In this simulation, the contingencies were suddenly changed in the second phase, such that the sequence being performed so far no longer delivered a reinforcer. At this point, the agents, both in the model and in the real experiments, were expecting to end up in a high value state after performing the sequence learned, but given the change in contingencies, they were actually obtaining nothing, which should produce a negative RPE. This negative RPE was being used to change the learned values of both states and actions so that eventually the RPE was positive again. However, in the α model, because the state value learning rate was decreased, states were not being updated as fast, causing the agents to continue to expect a high state value for longer, and thus producing a more negative RPE than in the agents that did not have their state learning rate parameter reduced. Figure 8 shows the RPEs for the distal and proximal actions at each trial for the control simulations, that is, without modifications to α, in the top plots (black lines), and for the α model in the bottom plots (green lines) for both phases. At the beginning of the second phase (right after the dotted line), both control and manipulated agents had negative RPE, caused by the change in the contingencies; however, for the simulations with a smaller α, the RPE was indeed more negative in the first trials than in the control simulations (Figure 8(a) and (b)), which allowed then a larger positive RPE as shown in the inset of Figure 8(b) which shows a zoom in on the trials around the transition from phase 1 to phase 2. Since the RPE is used to update both state and action preferences, this more negative RPE was what ended up producing the larger decay in the action preferences, allowing a faster extinction process of the first learned sequence.

Figure 8.

Figure 8.

Effects of modifying the state learning rate α on the RPE. Changes in RPE in the distal and proximal positions through the first and second phase (indicated by the dotted line) in the simulations of experiment 1 for (a) control model and (b) α model. Data are displayed as mean ± standard error of the mean. Insets show a zoom in on the transition from phase 1 to phase 2 (which happens at trial 1500) displaying both the control and the α model for comparison of the differences in the RPE. These plots show the changes through the trials, not aggregated session-wise as in the other results.

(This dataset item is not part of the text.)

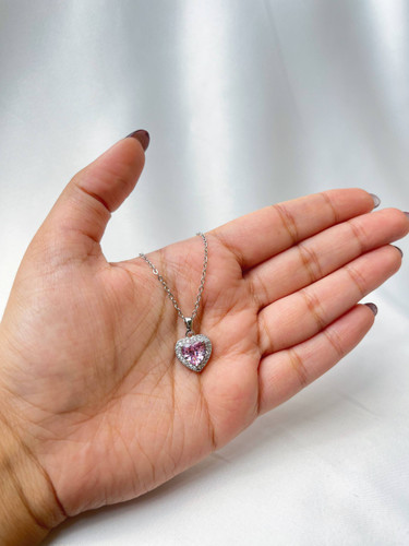 گردنبند قلب کریستالی رز – مدل Love Shine (کد 98)

RPE: reward prediction error.

With this finding, we moved on to test whether this same manipulation, decreasing α, would reproduce the results from the second performance experiment. To do this, we trained another two batches of 100 simulated agents to learn action sequence LR for 30 sessions. Then, in a second phase we continued to reinforce the same sequence, but for the next 100 trials, α was set to 0.03 for one of the batches (α model), and left unaffected for the other batch of agents (control model). Figure 9 shows that the manipulation of α had no effect on the performance of a learned sequence, with no differences between the control and α agents’ performance of perfect trials (Figure 9(a)), distal/proximal ratio (Figure 9(b)) or actions performed per trial (Figure 9(c)), replicating our second experiment, in which the NK1 receptor antagonist had no effect on the stable performance of the well-learned sequence (Figure (5)). In terms of the reinforcement learning model, it makes sense that no effect was observed, since modifying the learning rates once the values of the state and actions have been already learned has little impact since there is not much left to learn, unless the contingencies changed.

Figure 9.

Figure 9.

Effects of modifying the state learning rate α on the performance of a well-learned action sequence. Results for the simulations of experiment 2, in which parameter α was manipulated in the first 100 trials of the second phase for the α model in comparison to the control model are shown for (a) proportion of perfect trials, (b) distal/proximal ratio, and (c) actions per trial. Data are shown as mean ± standard error of the mean.

Because the correlation between the model’s terms and the biological structures/functions are rather loose, we cannot reject a priori the possibility that other parameter variations could have led to the experimental effects observed. Therefore, to test that the effects we obtained in the simulations were specific to decreasing parameter α, we tested whether decreasing: (1) the action preferences learning rate, β; (2) the eligibility trace’s decay parameter, λ; and (3) the discount parameter, γ, would replicate the effects found on both behavioral experiments. For each of these hypotheses we ran another 100 simulations of the first learning experiment. We did not find that any of these alternative hypotheses to be able to correctly reproduce our experimental results (Figure S3, Supplemental Material). In summary, manipulating α was able to reproduce the counter-intuitive finding that administering an NK1 receptor antagonist led to learning a new sequence faster without affecting the stable performance of a crystallized sequence, replicating the results from both of our experiments through an effect on the RPE.

Discussion

As behavioral sequences are learned and their performance crystallized, specific activity patterns emerge in the striatum (Jin et al., 2014; Rothwell et al., 2015), which have been suggested to contribute to the concatenation and representation of sequences as units (Jin et al., 2014; Wymbs et al., 2012). Striatal MSNs are known to interact with each other through extensive collaterals (Tepper et al., 2008; Wilson and Groves, 1980), through which they release not only fast-acting neurotransmitters such as GABA, but also more slowly acting neuromodulators such as SP, a neuropeptide with facilitatory effects on cortico-striatal synapses and striatal dopamine release (Blomeley and Bracci, 2011; Brimblecombe and Cragg, 2015; Chen et al., 2001; Graybiel, 1990). However, the role of SP in sequence learning is not fully understood. Here we show initial evidence that an NK1 receptor antagonist decreased the stable retention of a well-learned sequences, facilitating its extinction, which allowed the faster acquisition of a new sequence in a reversal learning task. Additionally, using a reinforcement learning model we propose that SP could be acting, at least in part, through the state value learning rate, modulating the size of the RPE, believed to be encoded in the dopaminergic signal.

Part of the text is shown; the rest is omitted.